▶ _Prompt_: Every entry in the data that follows should come back exactly, pictures aside.

--- START ---

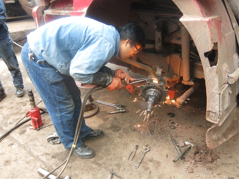 項(xiàng)目簡(jiǎn)介:翻斗車(chē)拋灑槽翻轉(zhuǎn)軸使用φ16mm圓鋼與6分鋼管組成。由于汽車(chē)大箱升起頻繁,且圓鋼強(qiáng)度不夠,圓鋼很容易變形。致使翻轉(zhuǎn)不靈活,造成拋灑槽變形,且槽內(nèi)物料常有存料,造成沿路拋灑。為了增加圓鋼強(qiáng)度,改用廢舊汽車(chē)鋼板卡子,加工成翻轉(zhuǎn)軸后,固定在大箱底部并與套有一定配合間隙,這樣既能增強(qiáng)了軸的強(qiáng)度,又使拋灑槽翻轉(zhuǎn)更靈活。不僅降低了費(fèi)用,每臺(tái)車(chē)可節(jié)約φ16圓鋼1米、減輕了員工的勞動(dòng)強(qiáng)度、解決了拋灑槽翻轉(zhuǎn)不靈,易變性的問(wèn)題而且
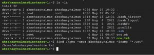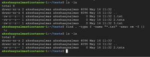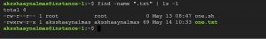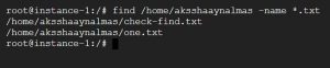 The above given find command searches for all (*) the files with a “.txt” extension in the “/home/aksshaaynalmas” location, as mentioned in the following output.
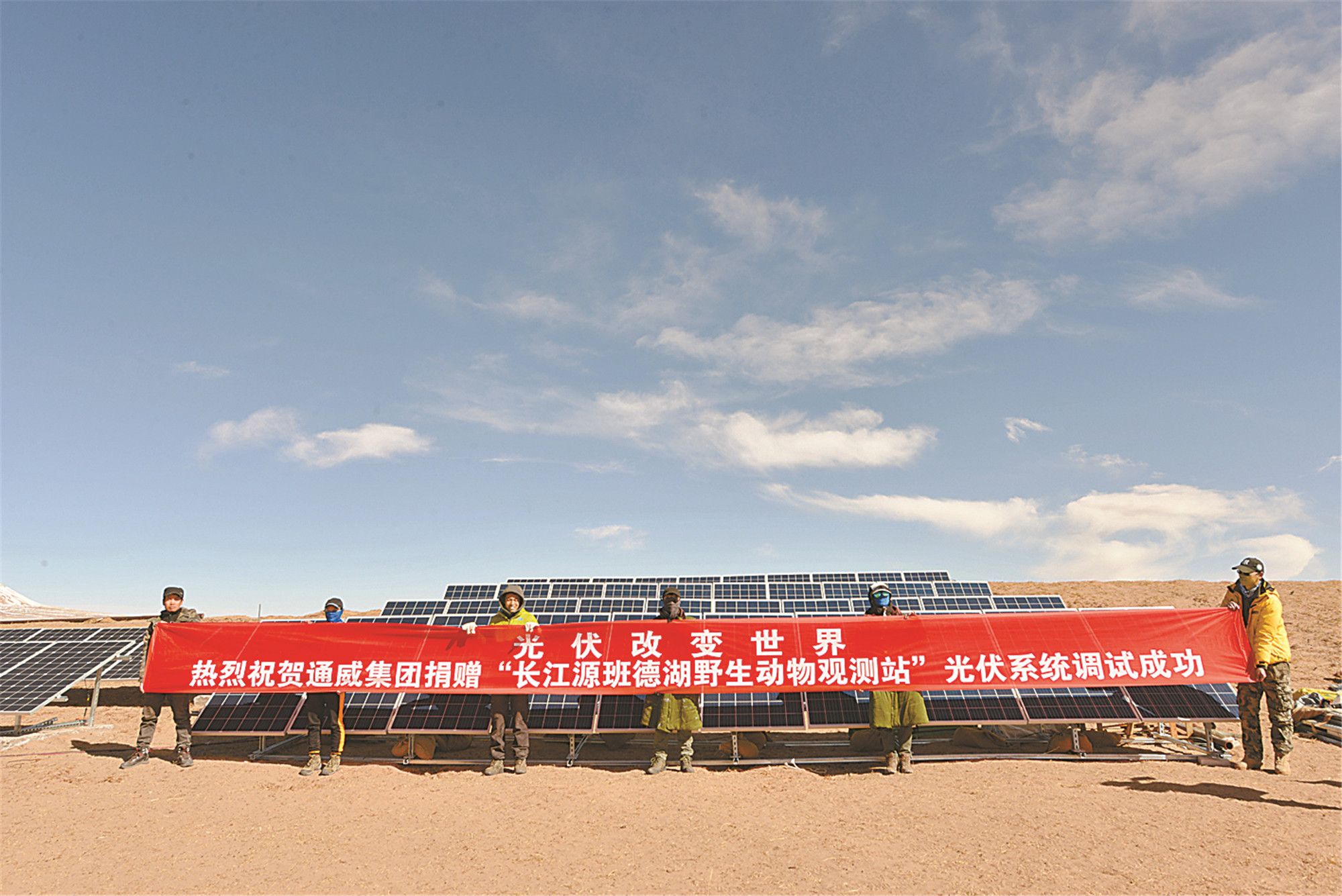 2019年,通威集團捐贈“長江源班德湖野生動物觀測站”光伏系統調試成功
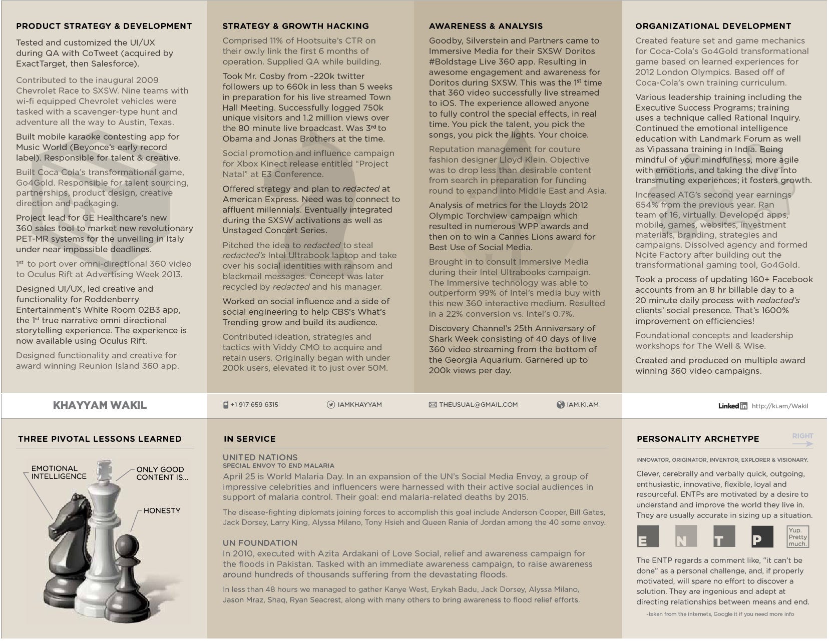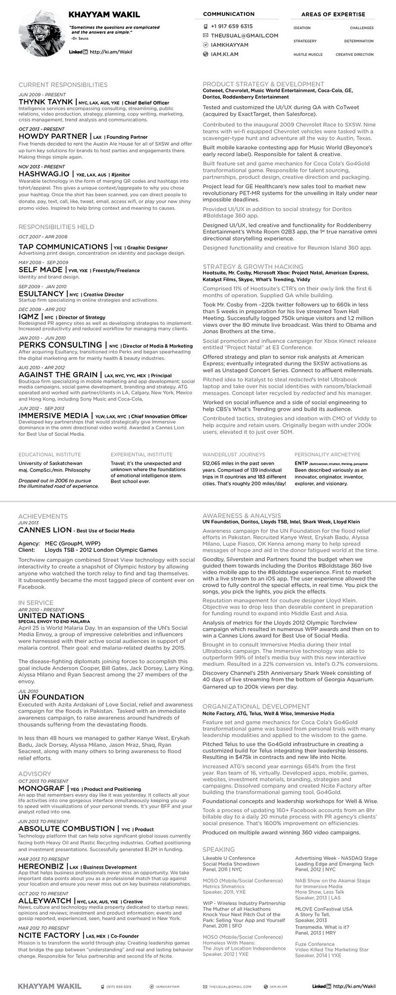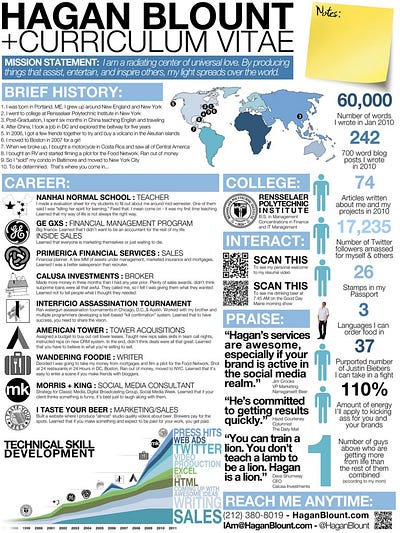 Google search landed me deep in article after article of the best resumes, like, ever. So I started clicking through all of them. Lots of infographic styles, some pretty crazy timelines and some outright terribly awesome resumes. You know, they’re so bad, they’re good. None you’d ever want to submit, but still, so, so funny. Happened to stumble on a resume of my mate, Hagan Blount and it that’s where it all began. The mission was to find a way to bring everything together in the neatest two pages possible.
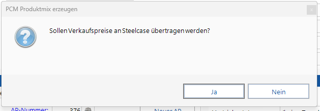Es erfolgt eine Abfrage, ob zusätzlich auch die Verkaufspreise an Steelcase übermittelt werden sollen. Klickt der Anwender auf "Ja", so werden in der dann genehmigten Rahmenvertragsvereinbarung auch die Verkaufskonditionen mitgeliefert.
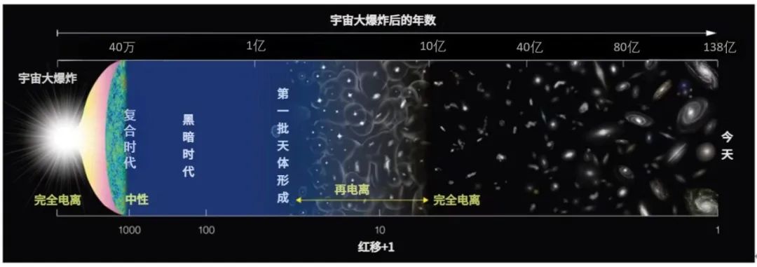 宇宙发展历程:大爆炸产生了一群炽热且电离的亚原子粒子(结构比原子更小的粒子)团。几十万年后,中性原子开始形成于“复合”过程中。紧接着,宇宙迎来了“黑暗时代”,整个宇宙都充斥着中性氢。然而,在大爆炸发生 1 亿多年后的某个时刻,第一批恒星点亮了宇宙的黎明,它们的光芒从氢气中“拽”出电子,宇宙也由此逐渐重新电离。图片来源:日本国立天文台
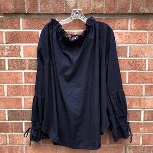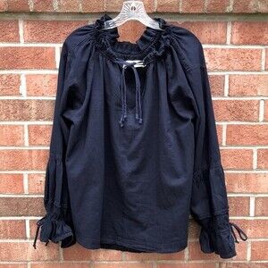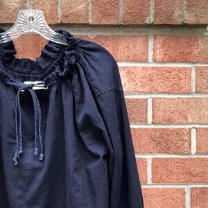 Free People We The Free Alpine Denim Ruffle Top sz M NWOT, Dark Ink Blue, Over-Sized, Adjustable Gathered Ruffle Neckline and Sleeves, Distressed Hem, BOHO, new & never worn

--- END ---

▶ _Response box_:
 項(xiàng)目簡(jiǎn)介:翻斗車(chē)拋灑槽翻轉(zhuǎn)軸使用φ16mm圓鋼與6分鋼管組成。由于汽車(chē)大箱升起頻繁,且圓鋼強(qiáng)度不夠,圓鋼很容易變形。致使翻轉(zhuǎn)不靈活,造成拋灑槽變形,且槽內(nèi)物料常有存料,造成沿路拋灑。為了增加圓鋼強(qiáng)度,改用廢舊汽車(chē)鋼板卡子,加工成翻轉(zhuǎn)軸后,固定在大箱底部并與套有一定配合間隙,這樣既能增強(qiáng)了軸的強(qiáng)度,又使拋灑槽翻轉(zhuǎn)更靈活。不僅降低了費(fèi)用,每臺(tái)車(chē)可節(jié)約φ16圓鋼1米、減輕了員工的勞動(dòng)強(qiáng)度、解決了拋灑槽翻轉(zhuǎn)不靈,易變性的問(wèn)題而且
 The above given find command searches for all (*) the files with a “.txt” extension in the “/home/aksshaaynalmas” location, as mentioned in the following output.
 2019年,通威集團捐贈“長江源班德湖野生動物觀測站”光伏系統調試成功
 Google search landed me deep in article after article of the best resumes, like, ever. So I started clicking through all of them. Lots of infographic styles, some pretty crazy timelines and some outright terribly awesome resumes. You know, they’re so bad, they’re good. None you’d ever want to submit, but still, so, so funny. Happened to stumble on a resume of my mate, Hagan Blount and it that’s where it all began. The mission was to find a way to bring everything together in the neatest two pages possible.
Es erfolgt eine Abfrage, ob zusätzlich auch die Verkaufspreise an Steelcase übermittelt werden sollen. Klickt der Anwender auf "Ja", so werden in der dann genehmigten Rahmenvertragsvereinbarung auch die Verkaufskonditionen mitgeliefert.
 宇宙发展历程:大爆炸产生了一群炽热且电离的亚原子粒子(结构比原子更小的粒子)团。几十万年后,中性原子开始形成于“复合”过程中。紧接着,宇宙迎来了“黑暗时代”,整个宇宙都充斥着中性氢。然而,在大爆炸发生 1 亿多年后的某个时刻,第一批恒星点亮了宇宙的黎明,它们的光芒从氢气中“拽”出电子,宇宙也由此逐渐重新电离。图片来源:日本国立天文台
 Free People We The Free Alpine Denim Ruffle Top sz M NWOT, Dark Ink Blue, Over-Sized, Adjustable Gathered Ruffle Neckline and Sleeves, Distressed Hem, BOHO, new & never worn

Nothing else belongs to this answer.